Carly Nugent

Text Publishing Co
29 March 2022


Carly Nugent

A realist YA novel, by the author of The Peacock Detectives, about family, loss and coming to terms with diabetes as a teen.  

What’s yours is yours for a reason. Luck has nothing to do with it. Some people get exactly what they deserve. And, as it turns out, I deserve to be called Persephone. No simple-to-sound-out Pride-and-Prejudice-style name like Elizabeth or Jane for me. Nope. Demi had to go Greek. Define Persephone. Bringer of destruction. That pretty much sums it up.   

Persephone is angry. Angry that her life revolves around finger-prick tests, carbohydrate counts and insulin injections. Angry at Alexander Manson. Angry with her mum for lots of things, for nothing and for everything.   

But most of all, she’s angry with herself. For deserving it all. Because of what she did, or didn’t do. Because one year ago she did something and her dad died.   

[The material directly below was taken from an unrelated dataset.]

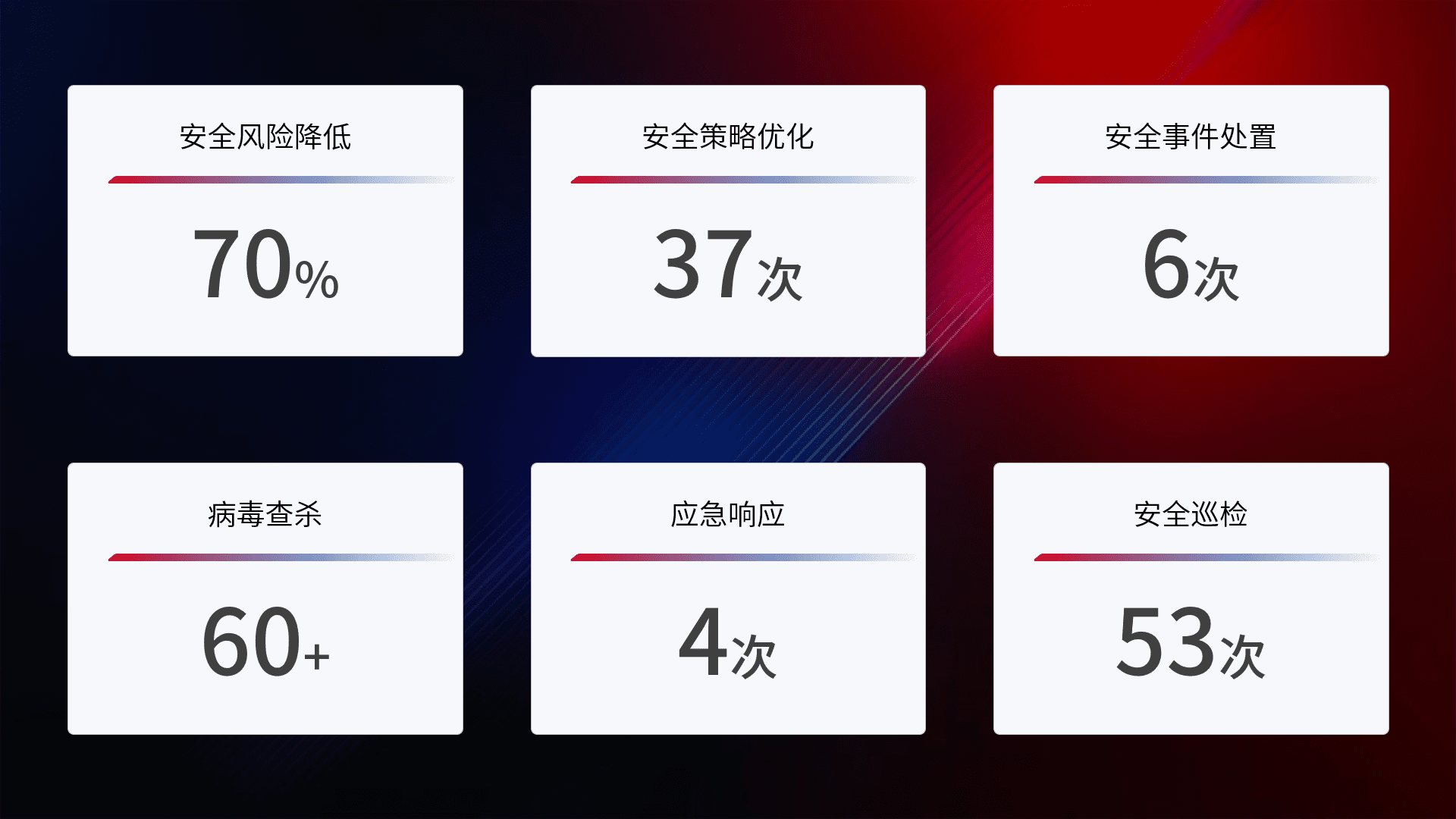提供全面的安全事件报告体系,,,,包括处置报告、、周报、、、季度和年度总结,,结合持续监控,,帮助客户深入了解网络安全状况。。。。
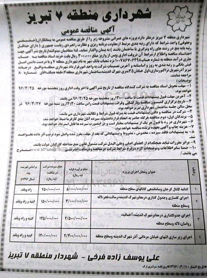 شهرداری منطقه 7 تبریز در نظر دارد پروژه های عمرانی مشروحه زیر را از طریق مناقصه عمومی به پیمانکاران حقیقی و حقوقی واجد شرایط که دارای رتبه بندی مرتبط از معاونت برنامه ریزی و نظارت راهبردی ریاست جمهوری دارای حداقل رتبه پایه پنج در رشته های راه و ترابری یا ساختمان باشند به پیمان واگذار نماید. لذا متقاضیان می توانند از تاریخ نشر آگهی جهت اخذ اسناد مناقصه و اطلاع از شرایط آن در وقت اداری و پس از واریز مبلغ 300.000 ریال بابت خرید اسناد مناقصه به حساب جاری درآمد منطقه به شماره حساب 100786706498 نزد شعبات بانک شهر به نام شهرداری منطقه 7 و با در دست داشتن اصل فیش بانکی و رتبه بندی به روز و اساسنامه و آ[رین تصمیمات شرکت به واحد امور قرارداد شهرداری منطقه واقع در جاده تبریز آذرشهر پل تراکتورسازی ، اول خیابان 35 متری شهرک اندیشه ، ساختمان شهرداری منطقه 7 ، طبقه همکف اتاق شماره 8 مراجعه نمایند.

But then Persephone finds a body on a bush path, a young woman she doesn’t know but feels a strong connection to. And as she tries to find out what happened to Sylvia, Persephone begins to understand her own place in the complex interconnectedness of the universe.   

Sugar is the story of a sixteen-year-old girl trying to make sense of the life-changing events that have sent her world into a spin, her search for a reason behind it all, and ultimately her acceptance of life’s randomness.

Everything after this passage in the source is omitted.